Picture: © Charlotte Fischer

Chemistry lessons in Waldorf schools start with everyday experiences and the most important discoveries in industrial use. Entry to the subject follows the historical development of chemistry. This is the focus of teaching; material science and process science are treated with equal importance. Chemical experiments by the teacher – as well as the experiments undertaken by the pupils – play a decisive role in the development of knowledge which always starts with observable phenomena. Key chemical processes form the basis for understanding substances and processes. That chemical processes have their origin not in the inorganic world but in living organisms belongs to the fundamental concepts which anthroposophy can contribute to general education. This basic thought is of exceptional importance particularly in our time of ecological disasters. The language of chemical formulae is developed on the basis of experiments and chemical processes. In contrast to conventional teaching of chemistry, it is not introduced until later, namely once pupils have a soundly based overview of the chemical processes arising from direct experience, reconstruction and step-by-step penetration with the thinking.

In the beginning was fire (class 7 to 9)

The first central chemical process is fire: the path via gaseous waste swirling in the air to the acids and via the ash residue to the bases is pursued, followed by neutralisation and saltification. Through heat and charcoal – obtained in a charcoal kiln – as new chemical tools we find our way to the metallic elements which underlie the bases. Through the combustible metals, the non-metals which underlie the acids can be obtained as elements: phosphorous from bone ash with the help of magnesium, hydrogen from water with the help of red-hot iron. The polarity between lime and silicon is the focus in the third part and includes a study of the soil. Calcium oxide from weathered stone and lime are able to bind carbon dioxide or sulphur dioxide, while silicon with the toxic heavy metals (the ashes) can form on the one hand coloured glass and on the other essential minerals. We appeal here to thinking in cycles and important basic thoughts of ecology are tackled.
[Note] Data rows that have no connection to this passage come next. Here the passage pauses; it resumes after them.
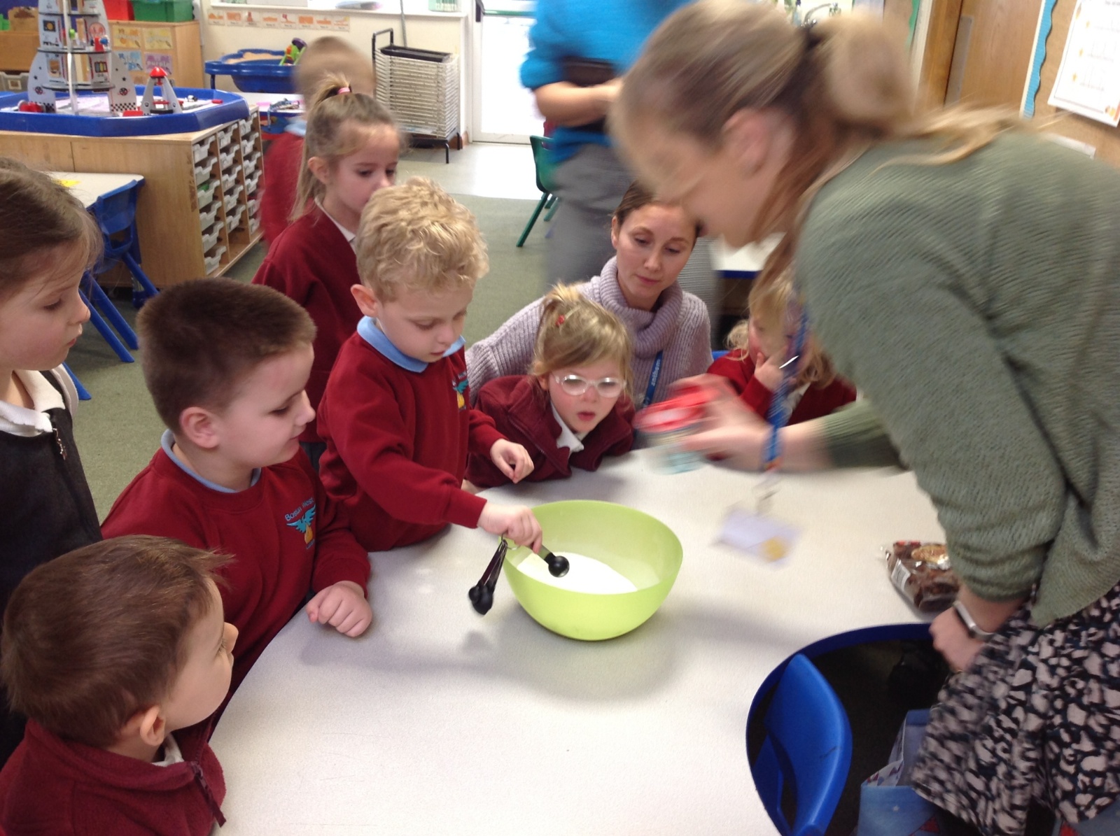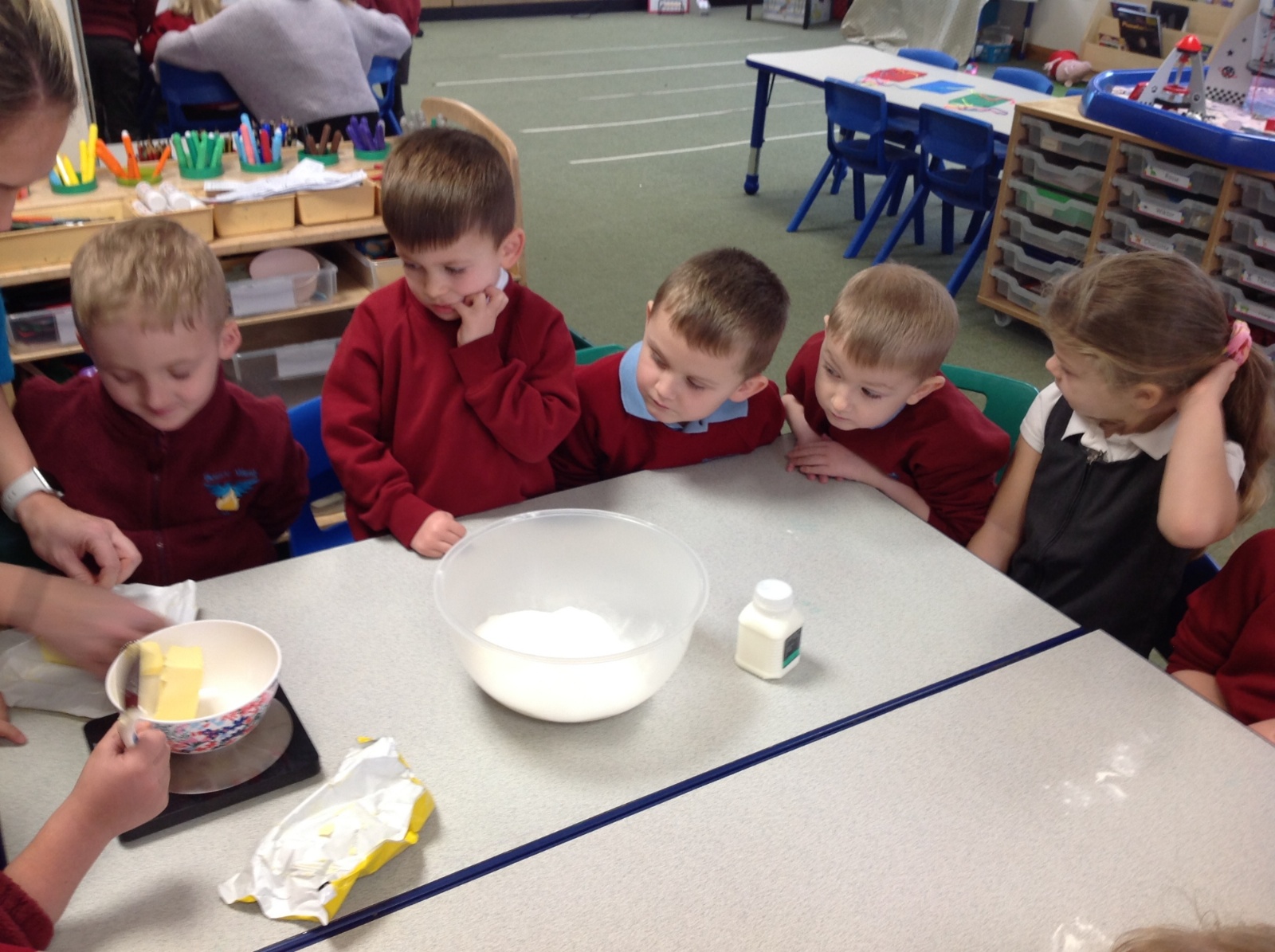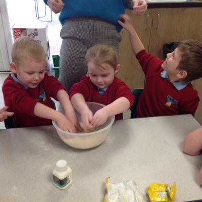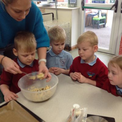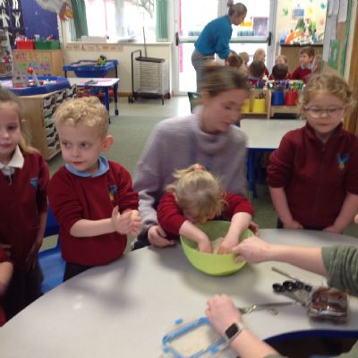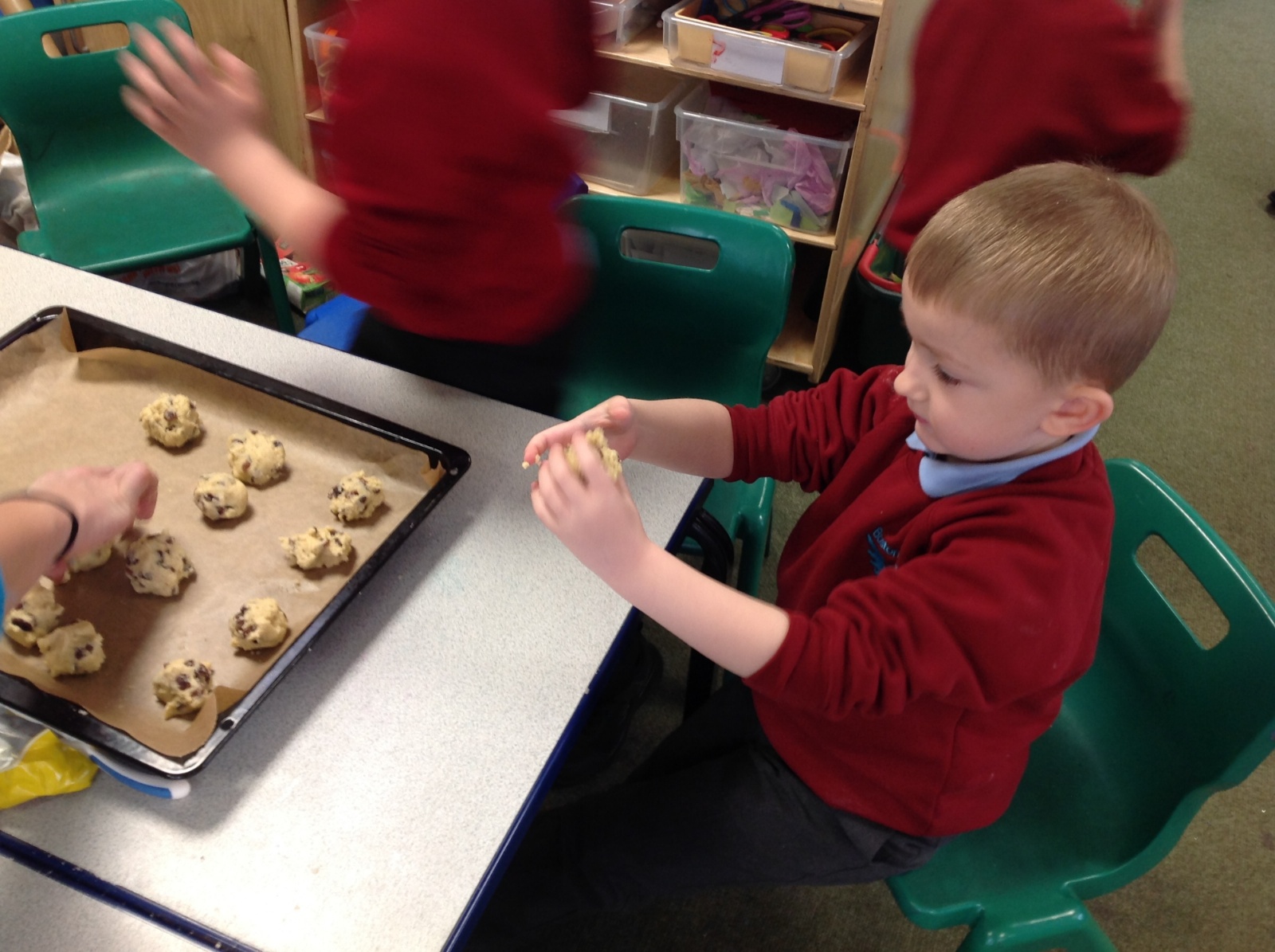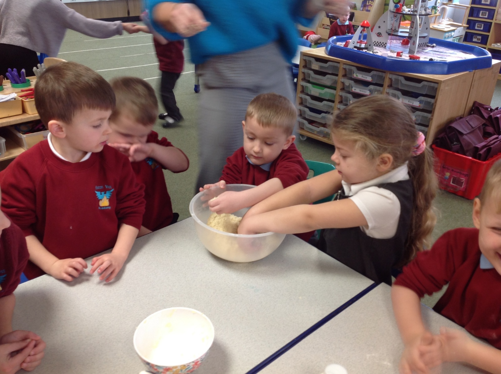 The children have been learning about Space and we have read the story 'Whatever next' which is all about a bear who went to the moon and had a picnic. The children enjoyed making some moon rock cakes to take with them to the moon to join the bears picnic. They all had a turn at helping make the cakes and particularly enjoyed eating them at the end of the day whilst listening to a story. If you would like to make them at home we used the recipe on the BBC website https://www.bbc.co.uk/food/recipes/rock_cakes_03094.
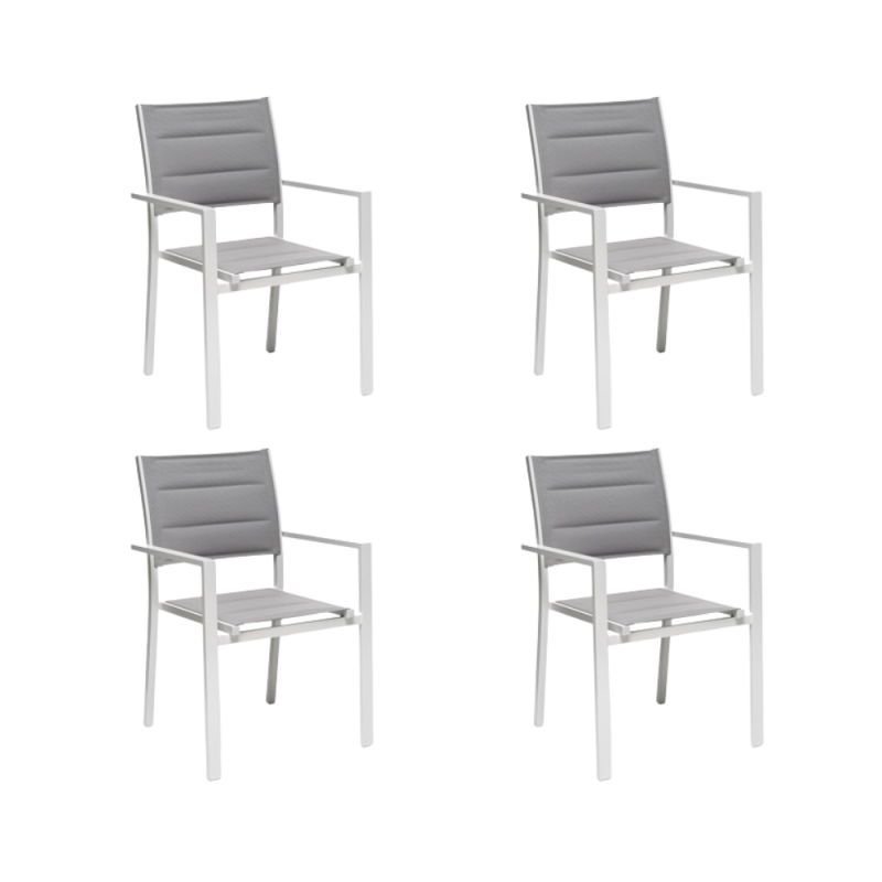 GLOUPIE Set 4 Poltrone Da Esterno Alamos In Alluminio Verniciato Bianco, Impilabile, L 57 x P 58 x H 86 Cm, Seduta In Textilene
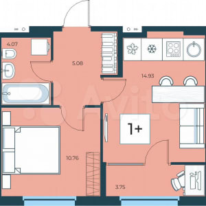 Однокомнатная квартира формата «плюс». Увеличенная кухня-гостиная с выходом на теплую лоджию, где вы сможете выделить зону для занятия работой или хобби. В коридоре выделена ниша для шкафа-купе, санузел совмещенный. В спальне также выделена ниша для шкафа-купе.
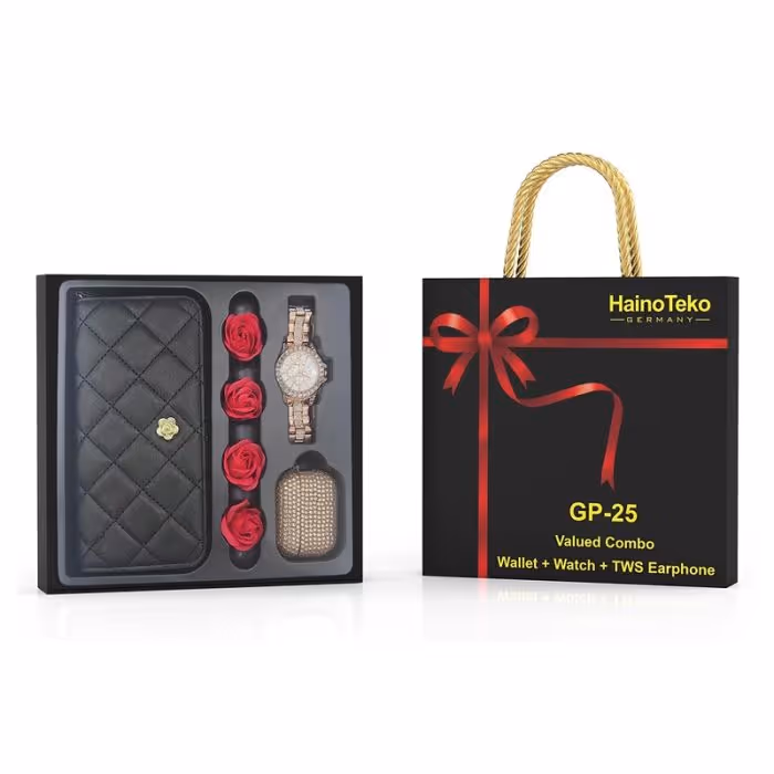 Le coffret Haino Teko est un ensemble élégant et pratique comprenant trois produits de qualité : une montre GP-25, un portefeuille pour femme raffiné et des AirPods. Parfait pour ceux qui cherchent à offrir un cadeau alliant luxe, style et fonctionnalité.
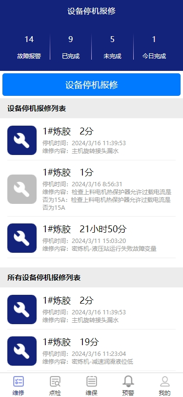 在智能维保app上,能够针对工业设备的点检、维修以及维保等任务开展接收查看、结果上报以及审核等操作。
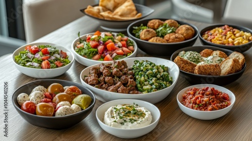 eastern, family, meal, fresh, ingredient, high, contrast, natural, lighting, dining, room, food, salad, tomatoes, herb, olive, pita, plate, bowl, table, lunch, gathering, tasty, healthy, colourful, variety, cookery, home, delicious, preparation, presentation, nourishment, casual attire, inviting, texture, arrangement, freshness, share, communal, vibrant, cook, receipe, life events
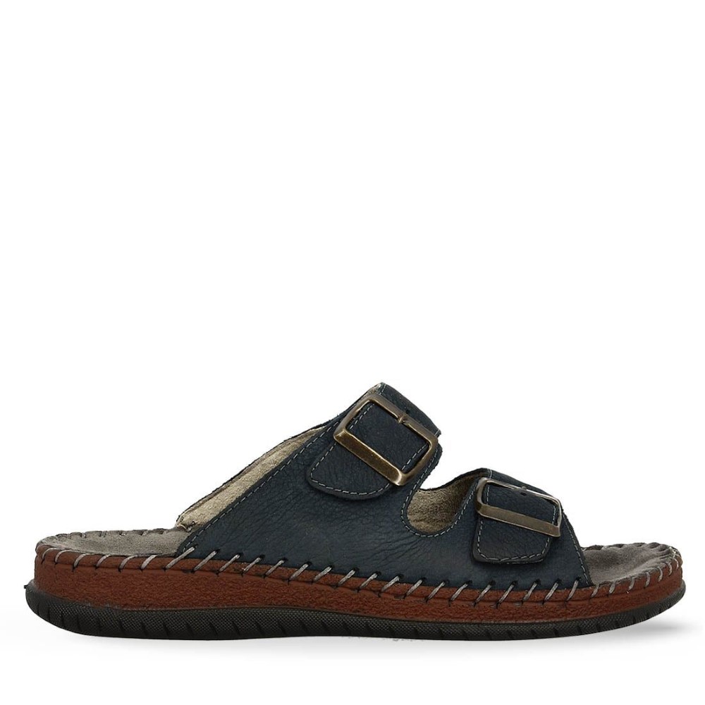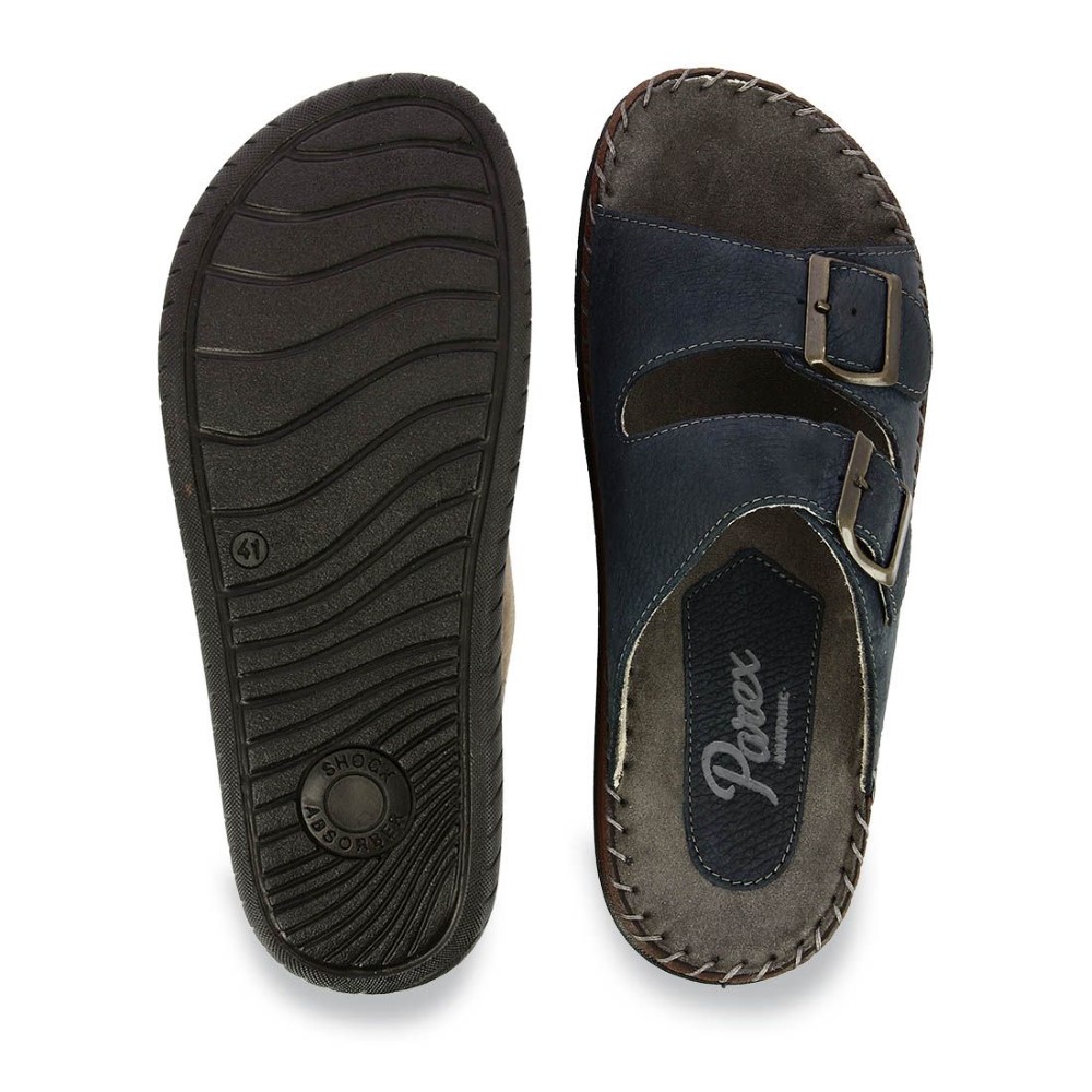 Ανδρικές παντόφλες Parex για σταθερό και ξεκούραστο βάδισμα καθ’όλη τη διάρκεια της ημέρας. Οι εξωτερικές ραφές προσδίδουν στυλ στο συγκεκριμένο σχέδιο και σε συνδυασμό με τον δερμάτινο μαλακό του πάτο, το κάνουν ιδανικό για τους περιπάτους και τις απογευματινές σας βόλτες.
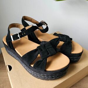NEW IN BOX UGG NEUSCH BLACK GENUINE LEATHER PLATFORM SANDALS SIZE 9.5

The substances which build up the body of the plant form the content of the second main lesson. The starting point is the polarity between the combustible, blazing fats and the carbohydrates which only glow. We characterise the fats in the chemical processes in which they can engage as substances which are insoluble in water but which can be transformed into water-soluble products when treated with a strong lye (saponification). In contrast, the carbohydrates such as starch and cellulose can be transformed into water-miscible sugars through treatment with acids. The proteins, which can have both an acidic and alkaline action, are treated as the balancing middle between these two polarities. In the third main lesson, the focus is on the organic substance of the body and their catabolic processes. Just like the fire process represents the key in mineral chemistry, so partial microbial digestion represents the key to the organic secondary substances. Fermentation of sugar produces alcohol, the “fire water”. This substance can be transformed in three separate ways. If we deprive it of chemically bound water, its fiery characteristics are enhanced – ether is even further removed from life than alcohol. If, in contrast, alcohol is “ventilated” (reaction with oxygen, oxidation), we get acetic acid which is closer to life. If alcohol reacts with acid, esters are formed in an anabolic reaction; they are frequently scents. The breakdown of protein takes us to the amino acids and biogenic amines. On the one hand, these play an important role as messengers in the body and on the other they are the starting point for the synthesis of important drugs (alkaloids). In the first three chemistry projects, we work on an overview of the substances which arises when we follow basic chemical processes. The substances are treated in line with their importance in nature and in organisms.

Conceptual deepening and penetration (class 10 to 12)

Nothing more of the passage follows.